Nothing but the lines from the one with "แม่กวนอิม หาดรีพลัสเบย์" through the final line of the entries should appear in the answer, copied exactly and without pictures.

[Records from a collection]

---

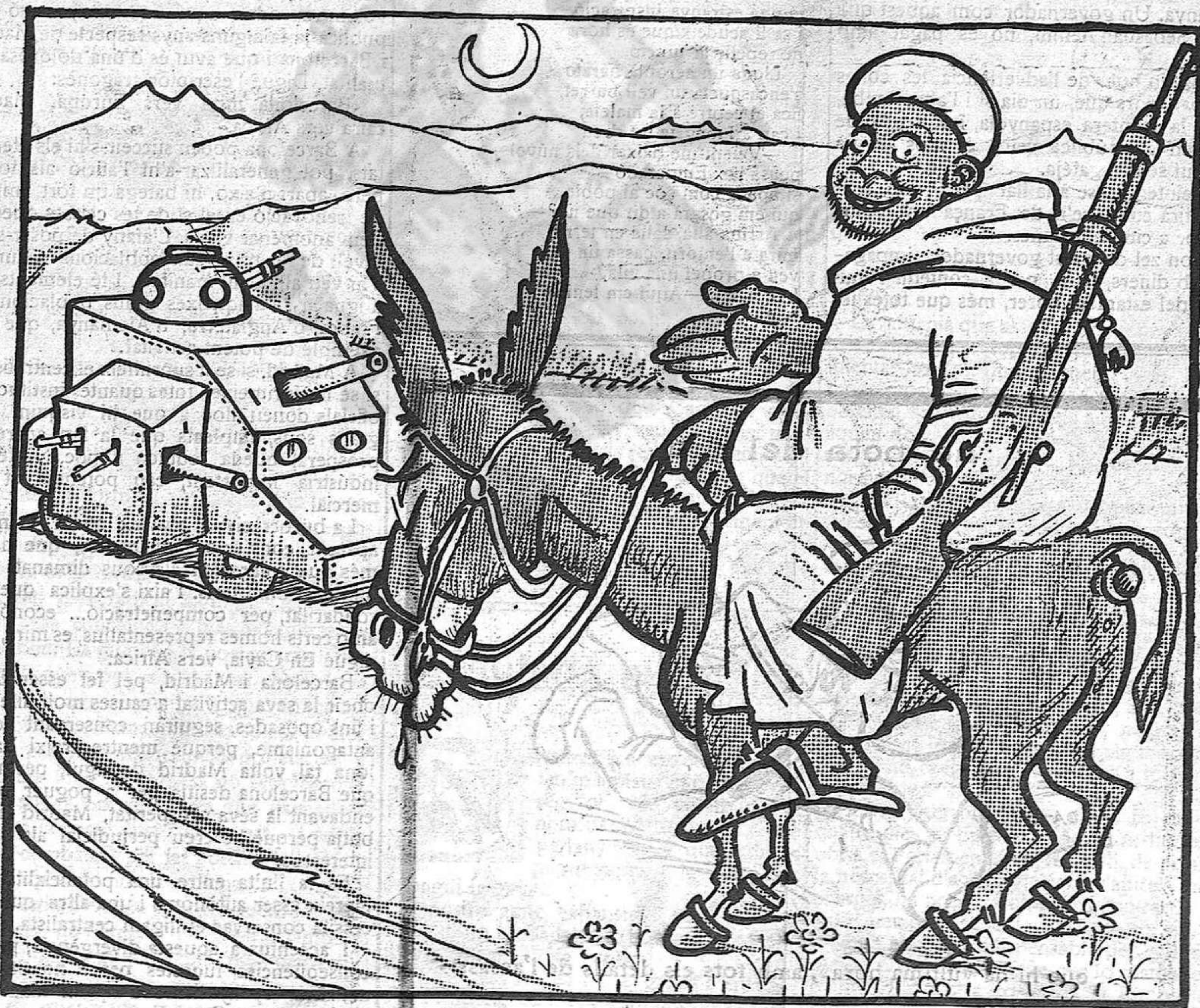
—Vosaltres aneu en auto blindat, però jo... jo vaig a cavall del burro.
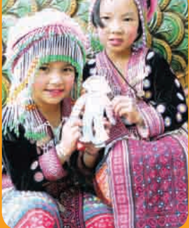
Page 4 - Jeunesse
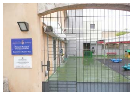
Accés al centre
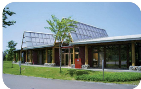
鶉ダムオートキャンプ場「ハチャムの森」(厚沢部町)
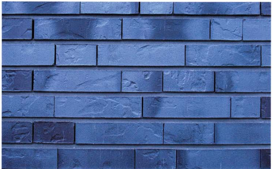
STOOTVOEGLOOS METSELWERK VAN BLAUWE STRENGPERS STENEN. DE LINTVOEGEN OP KLEUR ZIJN DOORGESTREKEN
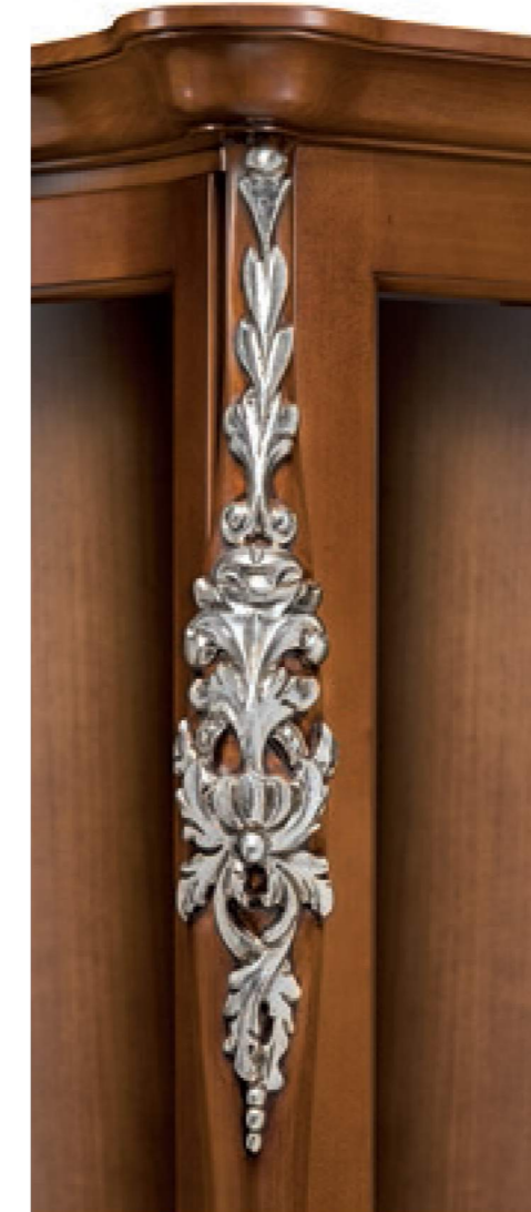
COD. 364 CAT. B+ NOCE FULVO DETT. FOGLIA ARGENTO
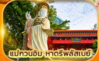
แม่กวนอิม หาดรีพลัสเบย์
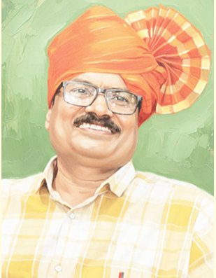
ಸರಳತೆ ಮತ್ತು ಸಂವಹನ ವಚನಗಳು ಜನಸಾಮಾನ್ಯರ ಆಡುಭಾಷೆಯಲ್ಲಿ ಅತಿ ಕ್ಲಿಷ್ಟವಾದ ತತ್ವಗಳನ್ನು ಸರಳವಾಗಿ ತಿಳಿಸಿದವು. ಒಬ್ಬ ಉತ್ತಮ ಸಂಪಾದಕ ಕೂಡ ಕ್ಲಿಷ್ಟಕರವಾದ ವಿಷಯಗಳನ್ನು ಓದುಗರಿಗೆ ಸುಲಭವಾಗಿ ಅರ್ಥವಾಗುವಂತೆ ರೂಪಿಸಬೇಕು. ಪಾಂಡಿತ್ಯ ಪ್ರದರ್ಶನಕ್ಕಿಂತ ಜನಸಾಮಾನ್ಯರಿಗೆ ತಲುಪುವ 'ಸರಳತೆ' ಇಲ್ಲಿ ಮುಖ್ಯವಾಗುತ್ತದೆ. ಸಮಾಜದ ತತ್ವಗಳನ್ನು ತಿದ್ದುವ ಜವಾಬ್ದಾರಿ "ಲೋಕದ ಡೊಂಕ ನೀವೇಕೆ ತಿದ್ದುವಿರಿ, ನಿಮ್ಮ ನಿಮ್ಮ ತನುವ ತಿದ್ದಿಕೊಳ್ಳಿ" ಎನ್ನುವ ವಚನದಂತೆ, ಸಂಪಾದಕರು ಮೊದಲು ತಾವು ಮನಗಂಡವರು ಮತ್ತು ಜವಾಬ್ದಾರಿಯುತರಾಗಿದ್ದು, ನಂತರ ಸಮಾಜದ ತತ್ವಗಳನ್ನು ನಿರ್ಭಯವಾಗಿ ಎತ್ತಿ ತೋರಿಸಬೇಕು. ಸಮಾಜದ ಅಂಕುಡೊಂಕಗಳನ್ನು ತಿದ್ದುವಾಗ ಯಾವುದೇ ಪ್ರಭಾವಕ್ಕೂ ಒಳಗಾಗದಿರುವುದು ಬಸವ ಪಥದ ಹಾದಿಯಾಗಿದೆ.
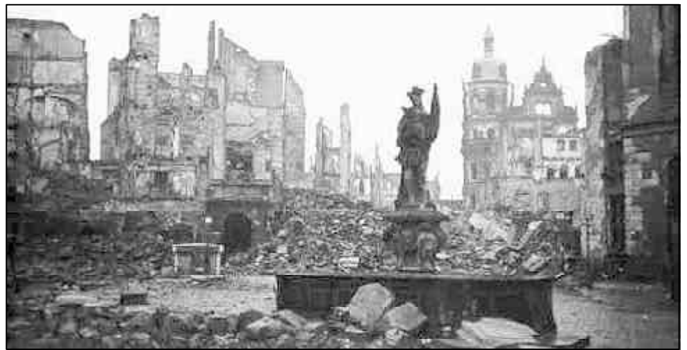
Dresden nach dem Bombenangriff 1945: Wollten die Alliierten nur möglichst viele Nazis töten?

Revolutionäre Politik weist die völkische

---

> _Task response_:
แม่กวนอิม หาดรีพลัสเบย์
ಸರಳತೆ ಮತ್ತು ಸಂವಹನ ವಚನಗಳು ಜನಸಾಮಾನ್ಯರ ಆಡುಭಾಷೆಯಲ್ಲಿ ಅತಿ ಕ್ಲಿಷ್ಟವಾದ ತತ್ವಗಳನ್ನು ಸರಳವಾಗಿ ತಿಳಿಸಿದವು. ಒಬ್ಬ ಉತ್ತಮ ಸಂಪಾದಕ ಕೂಡ ಕ್ಲಿಷ್ಟಕರವಾದ ವಿಷಯಗಳನ್ನು ಓದುಗರಿಗೆ ಸುಲಭವಾಗಿ ಅರ್ಥವಾಗುವಂತೆ ರೂಪಿಸಬೇಕು. ಪಾಂಡಿತ್ಯ ಪ್ರದರ್ಶನಕ್ಕಿಂತ ಜನಸಾಮಾನ್ಯರಿಗೆ ತಲುಪುವ 'ಸರಳತೆ' ಇಲ್ಲಿ ಮುಖ್ಯವಾಗುತ್ತದೆ. ಸಮಾಜದ ತತ್ವಗಳನ್ನು ತಿದ್ದುವ ಜವಾಬ್ದಾರಿ "ಲೋಕದ ಡೊಂಕ ನೀವೇಕೆ ತಿದ್ದುವಿರಿ, ನಿಮ್ಮ ನಿಮ್ಮ ತನುವ ತಿದ್ದಿಕೊಳ್ಳಿ" ಎನ್ನುವ ವಚನದಂತೆ, ಸಂಪಾದಕರು ಮೊದಲು ತಾವು ಮನಗಂಡವರು ಮತ್ತು ಜವಾಬ್ದಾರಿಯುತರಾಗಿದ್ದು, ನಂತರ ಸಮಾಜದ ತತ್ವಗಳನ್ನು ನಿರ್ಭಯವಾಗಿ ಎತ್ತಿ ತೋರಿಸಬೇಕು. ಸಮಾಜದ ಅಂಕುಡೊಂಕಗಳನ್ನು ತಿದ್ದುವಾಗ ಯಾವುದೇ ಪ್ರಭಾವಕ್ಕೂ ಒಳಗಾಗದಿರುವುದು ಬಸವ ಪಥದ ಹಾದಿಯಾಗಿದೆ.
Dresden nach dem Bombenangriff 1945: Wollten die Alliierten nur möglichst viele Nazis töten?

Revolutionäre Politik weist die völkische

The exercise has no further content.